Conforme o presidente da Amesne, houve piora no cenário de casos e internações nos últimos meses. 

— São várias questões. A eleição, não tem como negar isso. Tem um certo relaxamento da população como um todo, pensaram que não seria mais um problema (o coronavírus). Até setores como supermercados podem ter contribuído. Já vi alguns que não tem mais controle. Por isso houve a proliferação e, como consequência, maior número de internações — disse.

Questionado sobre as administrações municipais e o próprio governo do estado não ter marcado mais presença quanto a orientações de prevenção, Breda entende que o momento não é para encontrar culpados.

— Todos nós somos responsáveis e agora não tem como atribuir culpa a A, B ou C. Também existe o fator de estarmos chegando ao final dos mandatos municipais. A troca de gestões, secretários de saúde às vezes buscando outras ocupações, isso é sério e pode também ter contribuído  — diz.

Questionado sobre os próprios políticos terem protagonizado aglomerações, Breda respondeu:

— Os políticos são acusados de dar mal exemplo, nós defendemos que não houvesse realização de eleição agora.

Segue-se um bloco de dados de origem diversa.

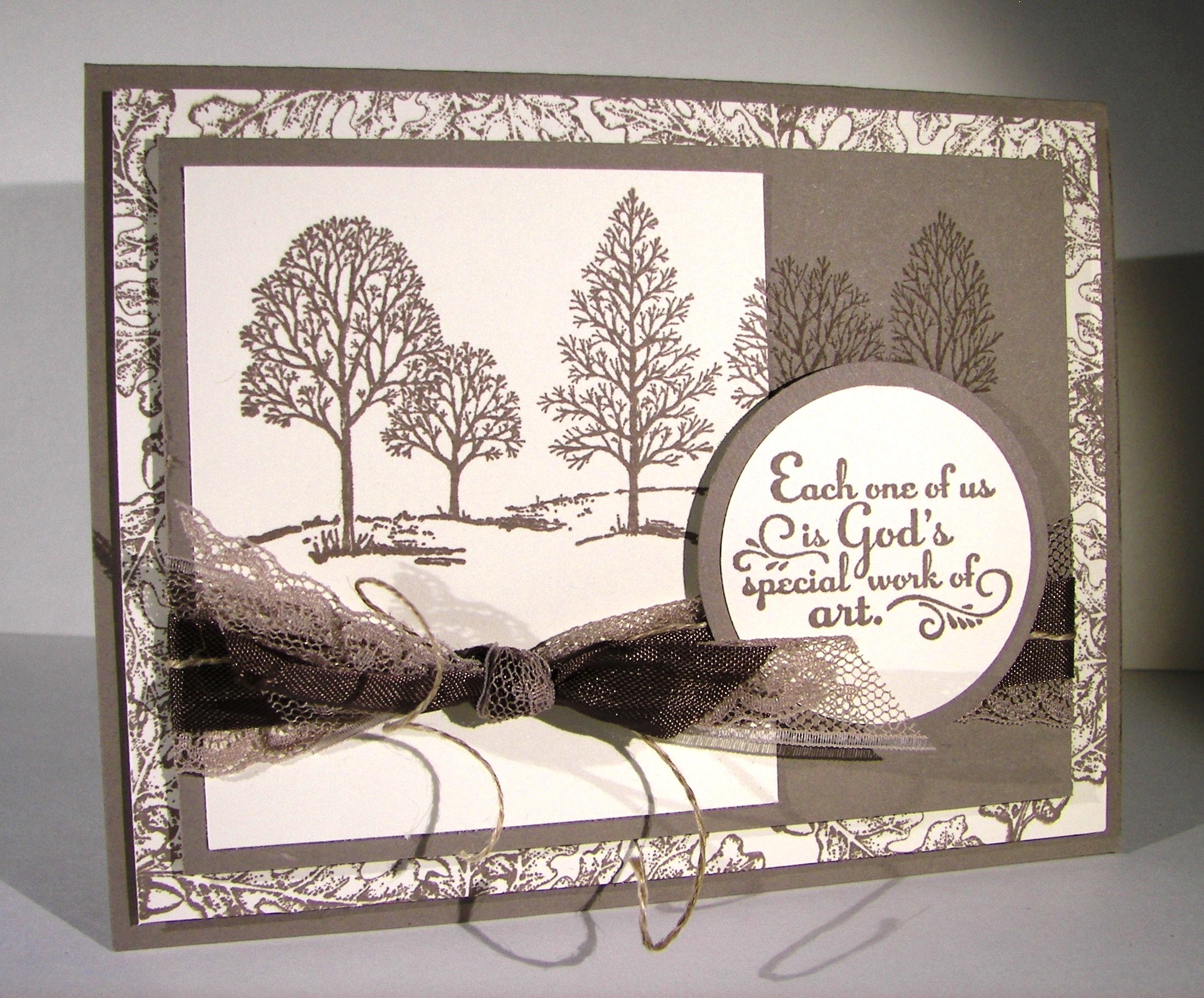 That is what this set is for. I used the scalloped flower from the Crazy About You set to make the background for the card and matching bag. I did a simple overlay of velum and scattered large rhinestones in the center of the flowers. So simple, yet so pretty.

Então fomos acusados de queremos legislar em causa própria. Quem acreditou que não teria movimento foi o TRE (Tribunal Regional Eleitoral), TSE (Tribunal Superior Eleitoral), está aí o resultado! Esses não são questionados — 

Conforme Breda, com campanhas de prevenção ao contágio, é possível que os casos e internações reduzam a partir da semana que se inicia no dia 14. 

— A expectativa é de que, se continuarmos a fazer o monitoramento, tenhamos uma redução significativa chegando a ocupação de leitos em 73%, 74% não na próxima semana, mas na seguinte — afirma.